El Rey pidió perdón a su esposa por los sufrimientos que tan injustamente le había infligido y la Reina se lo acordó cumplidamente.

Cuando se disponía a regresar a palacio, sintieron gran ruido, como si se acercara numerosa tropa de caballería, y luego se oyeron sones de trompetas y clarines.

Eran el Rey que había recuperado la vista gracias a Luna, y el Príncipe su hijo, que venían a pedir la mano de la princesa, y que, previo consentimiento de la interesada, que lo dió de muy buen grado, le fué concedida.

Las cuñadas del Rey, Flor-Rosa y Flor-Hortensia, fueron atadas de manos y pies a cuatro caballos, los que, partiendo cada uno en opuesta dirección, las descuartizaron.

El matrimonio del Príncipe con Luna se celebró siete días después.

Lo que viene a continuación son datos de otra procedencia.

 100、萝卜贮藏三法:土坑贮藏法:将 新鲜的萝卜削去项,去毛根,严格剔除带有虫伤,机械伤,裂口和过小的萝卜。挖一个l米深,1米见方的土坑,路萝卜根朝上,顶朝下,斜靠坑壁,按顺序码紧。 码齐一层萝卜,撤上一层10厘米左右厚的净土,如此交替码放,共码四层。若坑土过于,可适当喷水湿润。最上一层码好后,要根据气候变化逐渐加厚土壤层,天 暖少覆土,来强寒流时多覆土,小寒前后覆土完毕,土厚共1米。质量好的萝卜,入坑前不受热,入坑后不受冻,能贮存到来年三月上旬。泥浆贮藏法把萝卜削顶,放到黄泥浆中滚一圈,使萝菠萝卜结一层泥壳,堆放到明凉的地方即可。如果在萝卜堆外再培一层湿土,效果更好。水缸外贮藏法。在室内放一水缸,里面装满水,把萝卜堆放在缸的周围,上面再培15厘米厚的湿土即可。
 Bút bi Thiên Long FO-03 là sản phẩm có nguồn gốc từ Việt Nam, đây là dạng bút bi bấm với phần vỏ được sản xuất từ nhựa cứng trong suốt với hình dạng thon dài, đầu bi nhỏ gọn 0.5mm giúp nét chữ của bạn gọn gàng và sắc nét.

Las fiestas de palacio y las organizadas para solaz del pueblo fueron tan espléndidas que todavía se alude a ellas en el reino cuando se quiere ponderar la magnificencia de alguna solemnidad.

Los personajes de este cuento vivieron muchos años y todos fueron muy felices y venturosos.

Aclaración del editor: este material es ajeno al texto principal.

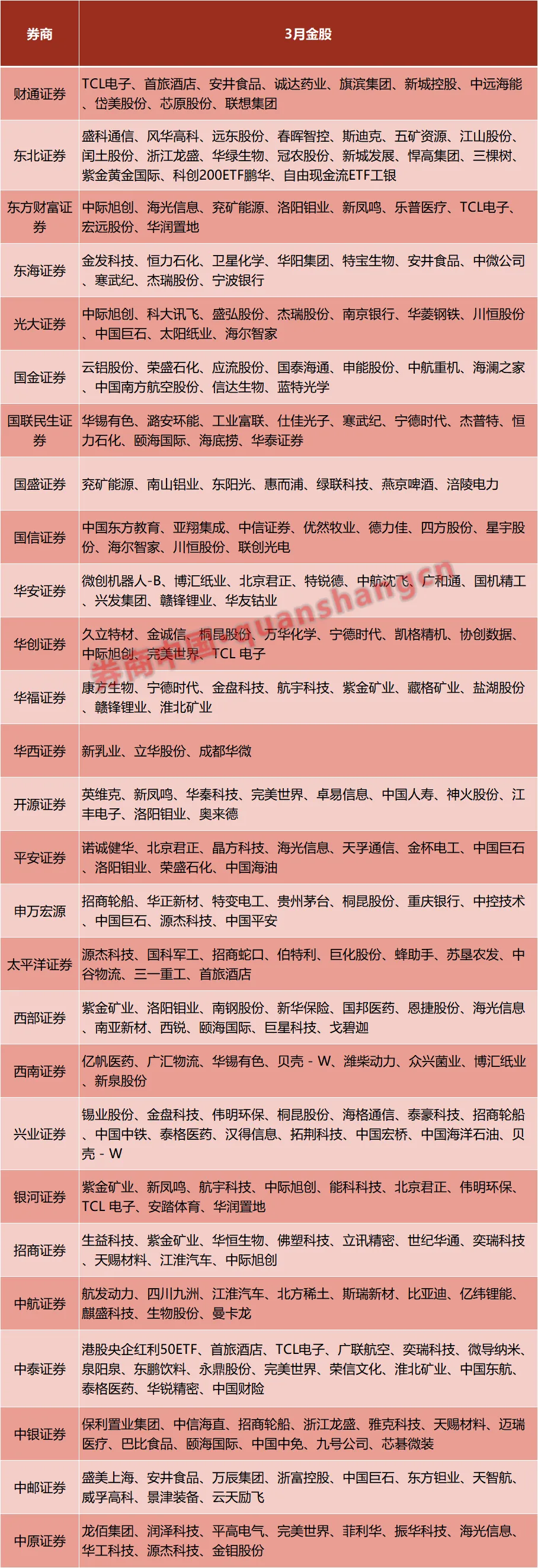 近日,券商3月金股名单出炉,电子、有色金属、电力设备成为券商扎堆推荐的三大核心赛道。

Y con esto se acaba el cuento del Periquito Sarmiento, que estaba con la guatita al aire y el potito al viento.[{93}]

14. EL MEDIO POLLO[D].
(Contado en 1906 por Polonia González, de 50 años, más o menos, natural de la provincia de Colchagua)

Para saber y contar y contar para saber. Est’era y esterita para secar peritas; est’era y esterones para secar orejones.

Est’era una Gallineta muy buena ponedora y muy buena sacadora; y una vez que puso veinte huevos, se echó y sacó diez y nueve pollitos no más y se levantó muy atingida porque había perdido un huevito.